Index names are unique within a table so it isn’t necessary to include the tablename in the index. When looking at execution plans it is helpful to have a hint about the columns being indexed



  • Naming Format: use the following components in the order below;


    • Prefix: Required; prefix with “IX”

    • Clustered: Required; if Clustered Index include “C”

    • Unique: Required; if Unique Index include “U”

    • Column Names: Required; Include the list of columns indexed, using underscores between the column names. For an index that covers all columns in the table, use the word All.

·         Example Index Names:


o    IXCU_AuthorID   (clustered unique)


o    IXU_AuthorID (unique)


o    IX_AuthorID_AuthorName (composite index)


o    IXC_AuthorID  (clustered not unique)


Primary Key Names



  • Naming Format: use the following components in the order below;


    • Prefix: Required; prefix primary key with “PK_”

    • TableName: Required; Table name of table being keyed

  • Examples:

o    PK_Customer


Foreign Key Names



  • Naming Format: use the following components in the order below;


    • Prefix: Required; prefix foreign key with “FK_”

    • Reference Table Name(s): Required; Table name of table in the join, for which a unique index is on column(s) being linked. Where both have a unique index, such as linking key, order is optional

    • Foreign Table Name(s): Required; Table name of table in the join, for there is not a unique index on the column(s) being linked.

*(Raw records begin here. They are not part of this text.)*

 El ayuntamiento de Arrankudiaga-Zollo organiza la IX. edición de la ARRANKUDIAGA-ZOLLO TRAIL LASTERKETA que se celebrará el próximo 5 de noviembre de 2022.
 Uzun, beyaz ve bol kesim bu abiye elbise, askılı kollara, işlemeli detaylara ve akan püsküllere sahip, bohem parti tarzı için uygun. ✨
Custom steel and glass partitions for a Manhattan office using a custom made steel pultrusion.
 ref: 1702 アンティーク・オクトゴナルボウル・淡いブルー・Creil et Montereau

  • Example foreign key names:


    • FK_Country_Customer

    • FK_Customer_Sales

Default Value Constraint Names



  • Naming Format: use the following components in the order below;


    • Prefix: Required; prefix default value constraint with “DF_”

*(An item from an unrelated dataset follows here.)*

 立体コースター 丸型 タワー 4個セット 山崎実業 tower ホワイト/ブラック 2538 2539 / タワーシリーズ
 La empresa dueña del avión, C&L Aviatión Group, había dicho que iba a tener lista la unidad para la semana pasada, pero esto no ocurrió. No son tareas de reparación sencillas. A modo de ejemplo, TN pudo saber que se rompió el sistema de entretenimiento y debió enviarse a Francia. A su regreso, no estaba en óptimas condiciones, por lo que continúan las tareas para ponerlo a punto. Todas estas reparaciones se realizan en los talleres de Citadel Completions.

    • TableName: Required; Table name

    • ColumnName: Required; Column name

  • Example foreign key names:


    • DF_Author_Gender

Check Constraint Names



  • Naming Format: use the following components in the order below;


    • Prefix: Required; prefix check constraint with “CK_”

    • TableName: Required; Table name

    • Integer: Required; Where the integer id is used to distinguish the check constraint from other check constraints on the same table.

    •  

  • Example foreign key names:


    • CK_Author1


Abbreviation Standards


Avoid abbreviations, unless absolutely necessary, due to length restrictions


Database Collation



  • For new databases use: Latin1_General_CI_AS

  • For migrated databases, keep with the same collation as specified in the source database – often this will be: SQL_Latin1_General_Cp1_CI_AS as this is the default for a database migrated from SQL 7.0 to SQL2000

  • Ensure all columns use this option. They will if they are created in the database using, the correct collation.